Chance is always a silent partner in disaster. Bad luck, bad timing, the wrong choice at a crucial moment, and the door is inexorably shut and barred. The tragedy of the January 12 blizzard was that the bad timing extended across a region and cut through the shared experiences of an entire population. The storm hit the most thickly settled sections of Nebraska and Dakota Territory at the worst possible moment—late in the morning or early in the afternoon on the first mild day in several weeks, a day when children had raced to school with no coats or gloves and farmers were far from home doing chores they had put off during the long siege of cold. But the deadly quirks of chance went deeper and farther than circumstance or time of day. It was the deep current of history that left the prairie peculiarly vulnerable to the storm.
For nearly all of the nation’s short life span, the grasslands at the heart of the country had been ignored, overlooked, skirted, or raced over. On maps the words
Great American Desert
hovered vaguely between the Mississippi River and the Rocky Mountains, and the rest was left blank or faintly labeled Indian Territory. But then, after the Civil War, when the swelling cities of the East Coast settled down to the serious business of industrial capitalism, the Great American Desert was reborn and rechristened. Suddenly this immense expanse of open land was not waste, but paradise—and like paradise, it was free, or all but free. Railroad companies flush with millions of acres of government land grants promised new settlers the sky and sold them the earth at irresistible prices. Under the Homestead Act, the U.S. government gave every comer 160 acres free and clear in exchange for the investment of a small filing fee and five years of farming. The dream of free land let loose a stampede. In the three decades after 1870, some 225 million acres of the continent’s heartland were broken, stripped of sod, and planted with crops—
more land than had been “improved” in the preceding 263 years of white settlement in the United States. On the last frontier was en-acted the greatest human migration the earth had yet endured.
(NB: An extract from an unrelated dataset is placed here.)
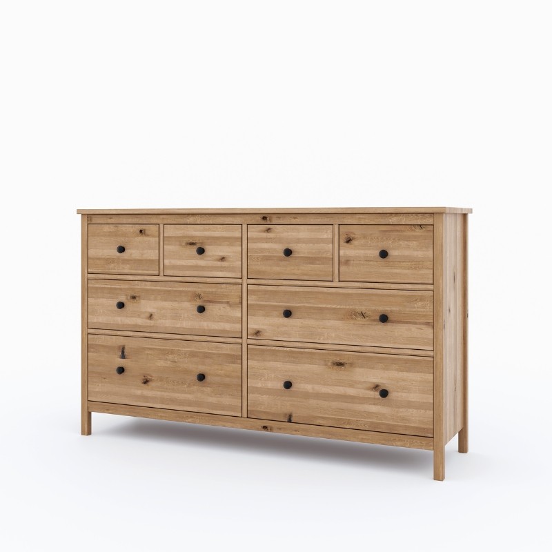 Mebel wykonany z litego drewna dębowego ( dziki dąb z sękami wypełnionymi czarną żywicą ). Wykończony lakierem dla właściwego zabezpieczenia. Wszystkie nasze meble drewniane w standardzie wyposażone są w prowadnice ( szuflady ) i zawiasy ( drzwiczki ) na Cichy domyk. Jest to bardzo wygodne rozwiązanie, które pozwala cieszyć się z produktu przez długie lata.

It was late in the day to be an American pioneer. While Thomas Edison was making the first moving pictures in New Jersey, while electric lights shone from Chicago skyscrapers raised on steel skeletons, while Vanderbilts, Carnegies, Morgans, and Rockefellers were adorning their neo-Gothic and Renaissance palaces with the treasures of Europe, homesteaders in Dakota warmed themselves in sod huts at fires of buffalo bones. It wasn’t that the sodbusters didn’t know that elegant Pullman sleeping cars skimmed over the train tracks at the edges of their wheat fields or that the future price of that wheat depended on tycoons in New York and the number of mouths to feed in Russia. Whether they had come from Europe in the reeking steerage of immigrant ships or boarded converted cattle cars in Chicago, Saint Paul, or New York, they had witnessed with their own eyes the newborn marvels of the industrial world. Someday, they believed, these marvels would be theirs.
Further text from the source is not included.